Etsy's foundational scaling work had started long before the pandemic. In 2017, Mike Fisher joined as CTO. Josh Silverman had recently joined as Etsy’s CEO, and was establishing institutional discipline to usher in a period of growth. Mike has a background in scaling high-growth companies, and along with Martin Abbott wrote several books on the topic, including The Art of Scalability and Scalability Rules.

Etsy relied on physical hardware in two data centers, presenting several scaling challenges. With their expected growth, it was apparent that the costs would ramp up quickly. It affected product teams’ agility as they had to plan far in advance for capacity. In addition, the data centers were based in one state, which represented an availability risk. It was clear they needed to move onto the cloud quickly. After an assessment, Mike and his team chose the Google Cloud Platform (GCP) as the cloud partner and started to plan a program to move their many systems onto the cloud.

While the cloud migration was happening, Etsy was growing its business and its team. Mike identified the product delivery process as being another potential scaling bottleneck. The autonomy afforded to product teams had caused an issue: each team was delivering in different ways. Joining a team meant learning a new set of practices, which was problematic as Etsy was hiring many new people. In addition, they had noticed several product initiatives that did not pay off as expected. These indicators led leadership to re-evaluate the effectiveness of their product planning and delivery processes.

Strategic Principles

Mike Fisher (CTO) and Keyur Govande (Chief Architect) created the initial cloud migration strategy with these principles:

Minimum viable product - A typical anti-pattern Etsy wanted to avoid was rebuilding too much and prolonging the migration. Instead, they used the lean concept of an MVP to validate as quickly and cheaply as possible that Etsy’s systems would work in the cloud, and removed the dependency on the data center.

Local decision making - Each team can make its own decisions for what it owns, with oversight from a program team. Etsy’s platform was split into a number of capabilities, such as compute, observability and ML infra, along with domain-oriented application stacks such as search, bid engine, and notifications. Each team did proof of concepts to develop a migration plan. The main marketplace application is a famously large monolith, so it required creating a cross-team initiative to focus on it.

No changes to the developer experience - Etsy views a high-quality developer experience as core to productivity and employee happiness. It was important that the cloud-based systems continued to provide capabilities that developers relied upon, such as fast feedback and sophisticated observability.

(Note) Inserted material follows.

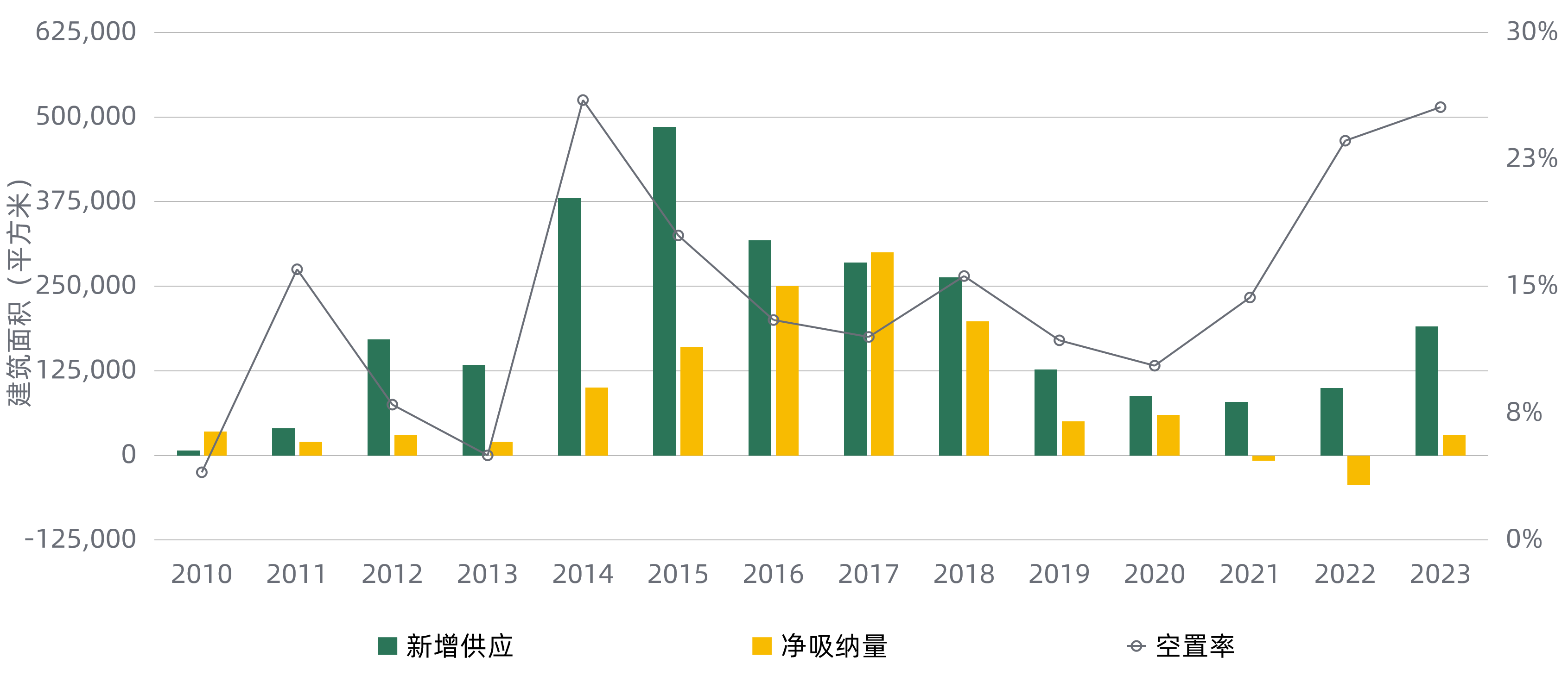 亞奧商圈甲級(jí)(含頂級(jí))寫(xiě)字樓凈吸納量有所回升,但仍舊處于負(fù)值;空置率受部分項(xiàng)目面積釋放影響,繼續(xù)呈上升態(tài)勢(shì)。甲級(jí)(含頂級(jí))及乙級(jí)寫(xiě)字樓成交租金整體均有所降低;本季度該商圈乙級(jí)寫(xiě)字樓去化更為明顯,乙級(jí)空置率有所降低。預(yù)測(cè)下半年將陸續(xù)有新的甲級(jí)寫(xiě)字樓及城市更新項(xiàng)目入市,該商圈整體空置壓力將進(jìn)一步增加,同時(shí)也會(huì)為本商圈及相鄰商圈的租戶(hù)帶來(lái)更多選擇。

There also was a deadline associated with existing contracts for the data center that they were very keen to hit.

Using a partner

To accelerate their cloud migration, Etsy wanted to bring on outside expertise to help in the adoption of new tooling and technology, such as Terraform, Kubernetes, and Prometheus. Unlike a lot of Thoughtworks’ typical clients, Etsy didn’t have a burning platform driving their fundamental need for the engagement. They are a digital native company and had been using a thoroughly modern approach to software development. Even without a single problem to focus on though, Etsy knew there was room for improvement. So the engagement approach was to embed across the platform organization. Thoughtworks infrastructure engineers and technical product managers joined search infrastructure, continuous deployment services, compute, observability and machine learning infrastructure teams.

An incremental federated approach

The initial “lift & shift” to the cloud for the marketplace monolith was the most difficult. The team wanted to keep the monolith intact with minimal changes. However, it used a LAMP stack and so would be difficult to re-platform. They did a number of dry runs testing performance and capacity. Though the first cut-over was unsuccessful, they were able to quickly roll back. In typical Etsy style, the failure was celebrated and used as a learning opportunity. It was eventually completed in 9 months, less time than the full year originally planned. After the initial migration, the monolith was then tweaked and tuned to situate better in the cloud, adding features ​​like autoscaling and auto-fixing bad nodes.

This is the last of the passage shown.